# Help please - trying to dull down lacquer finish



## kdh (Nov 6, 2011)

A weird question but here goes, all help appreciated.

I'm trying to dull down the finish of my car's bodywork and give it a 'matt' look. It's a very shiny silver BMW.

I've started by using 1500 wet and dry paper, followed by 2500, followed by rubbing compound.

It's starting to work but it's hard to get the finish looking smooth and mark-free and it's hard to get rid of the shine.

Any tips please. Thanks.


----------



## bigmc (Mar 22, 2010)

Can't see why you'd ruin the paint work to achive a matt finish tbh, especially when you can wrap it.


----------



## james_death (Aug 9, 2010)

Welcome aboard ...:wave:

Now that is a weird post for this site but certainly in the best section....
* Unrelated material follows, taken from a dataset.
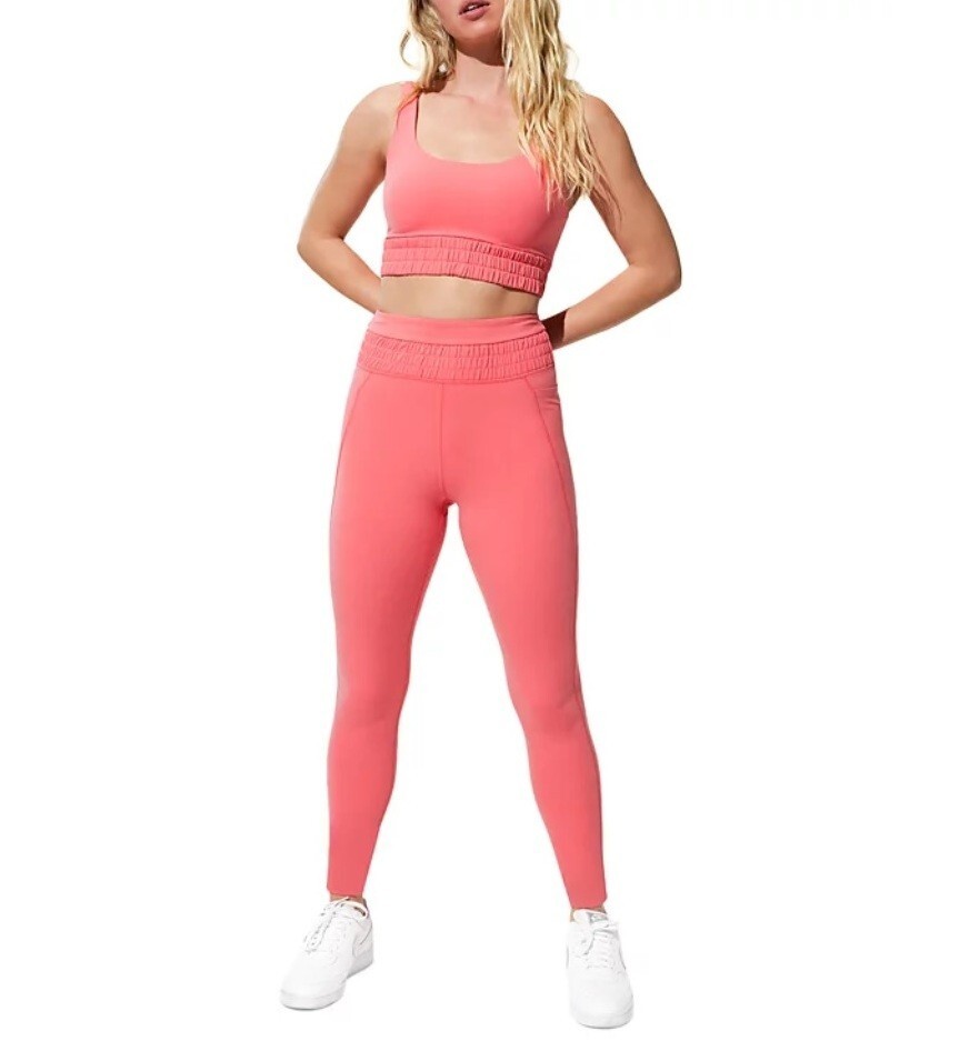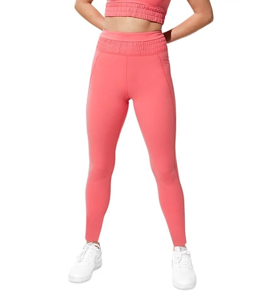 EleVen by Venus Williams Let's Roll Legging Women Sz XS Coral Smocked High Waist

It seams alien to want to dull by damaging the lacquer hope the paint guys can help, but if its a proper mat finish i would have thought the body wrap and associated expense.


----------



## kdh (Nov 6, 2011)

I said it was a weird question, but then we're all different. Thanks for the welcome.

A wrap is simply way too expensive. I am getting exactly the finish I want but up close, it has swirl marks where you can see where I've flatted it.

Using rubbing compound brings the shine back up which I don't want.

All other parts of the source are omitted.